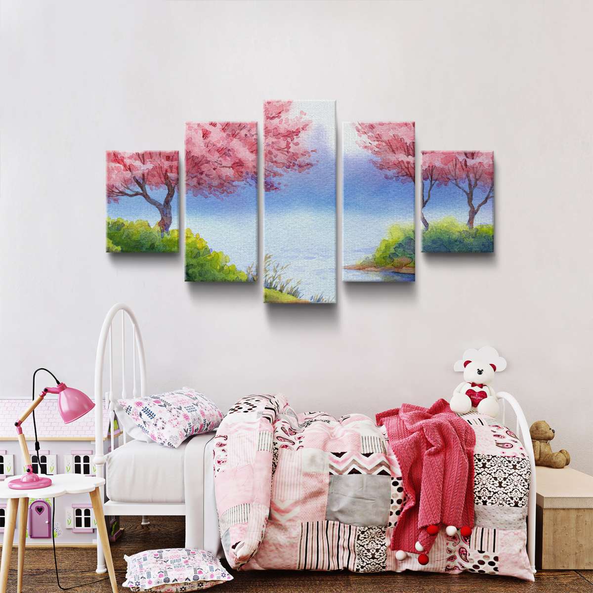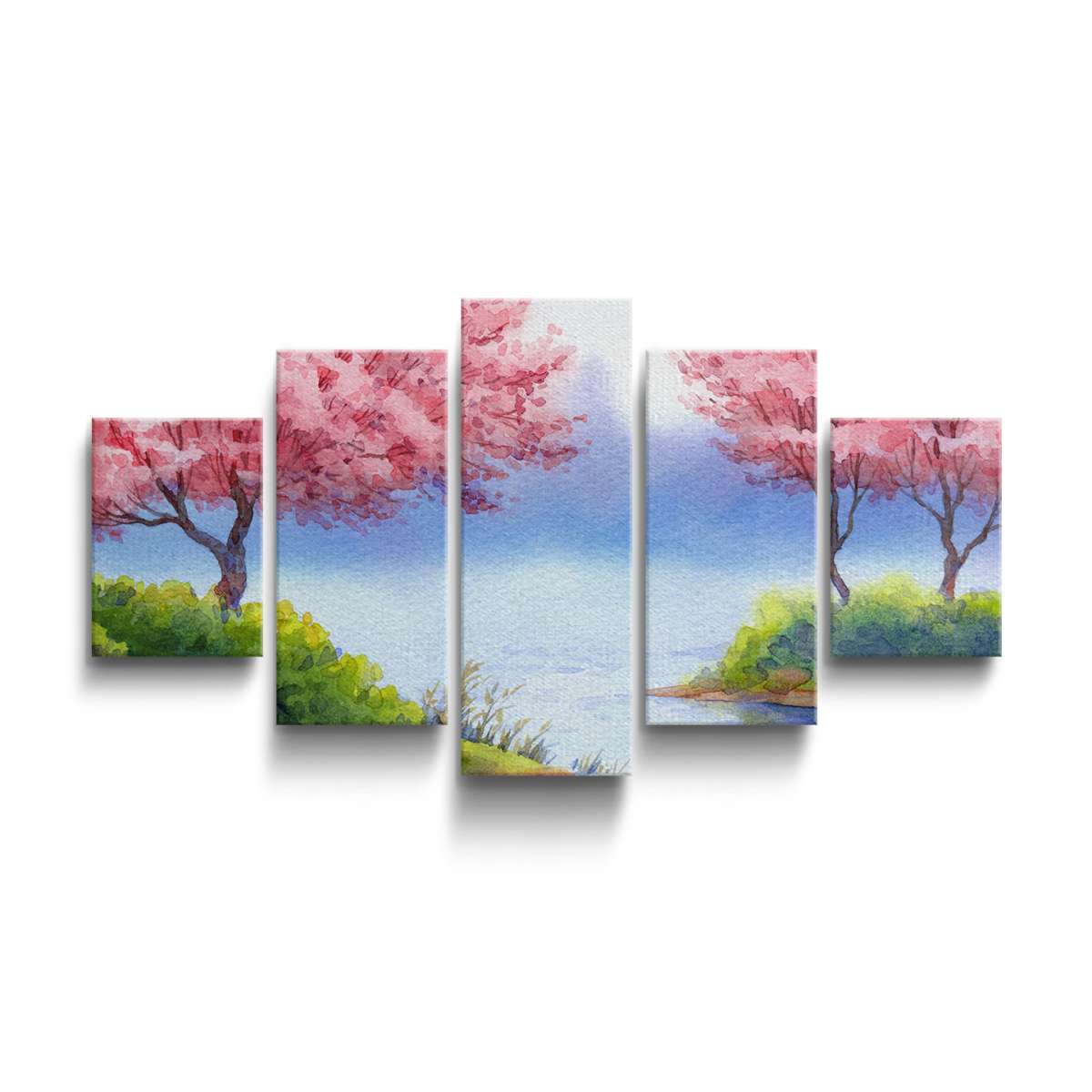 Kvetoucí stromy sakury nad jezerem - akvarel
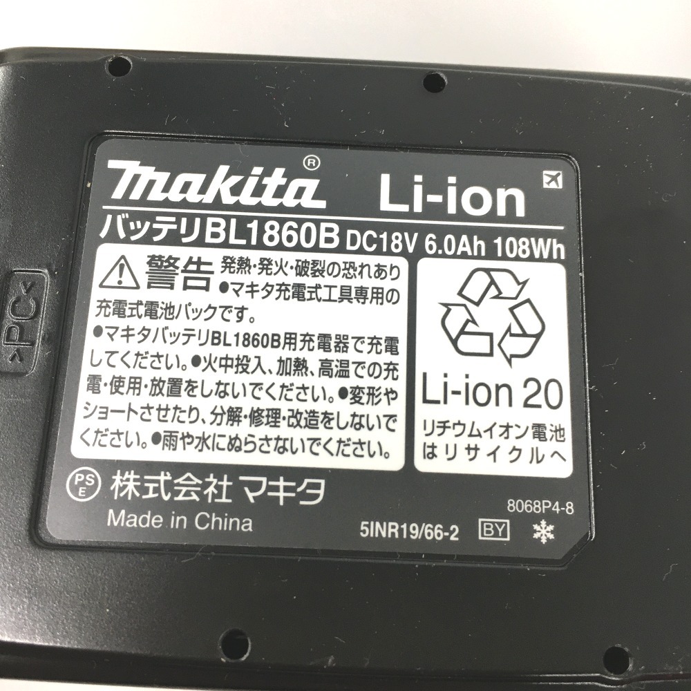 【商品名】中古 MAKITA マキタ リチウムイオンバッテリー BL1860B 18V 6.0Ah 未使用に近い
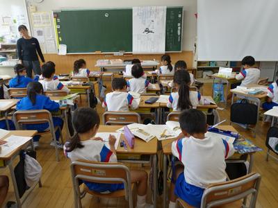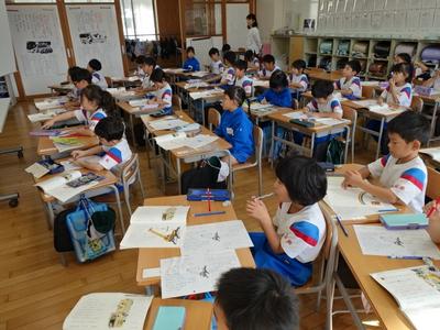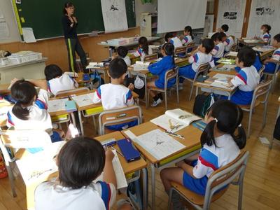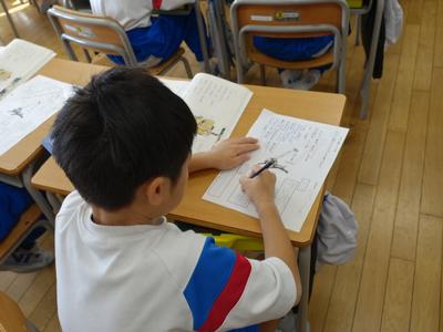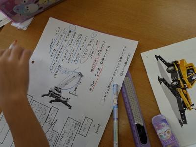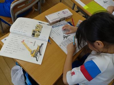 1年生は、国語の時間に説明文「じどうしゃくらべ」の学習をしています。今日は、クレーン車の「しごと」と「つくり」を読み取り、ワークシートにまとめました。
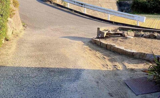 ご相談 車の出入りがしづらいため、道幅を広くしたい。工事内容 1.切り株撤去 2.石移動 3.完工

▶ [Problem]:
Retype the lines above exactly, no pictures.

▶ [Result of the exercise]:
 Kvetoucí stromy sakury nad jezerem - akvarel
 【商品名】中古 MAKITA マキタ リチウムイオンバッテリー BL1860B 18V 6.0Ah 未使用に近い
 1年生は、国語の時間に説明文「じどうしゃくらべ」の学習をしています。今日は、クレーン車の「しごと」と「つくり」を読み取り、ワークシートにまとめました。
 ご相談 車の出入りがしづらいため、道幅を広くしたい。工事内容 1.切り株撤去 2.石移動 3.完工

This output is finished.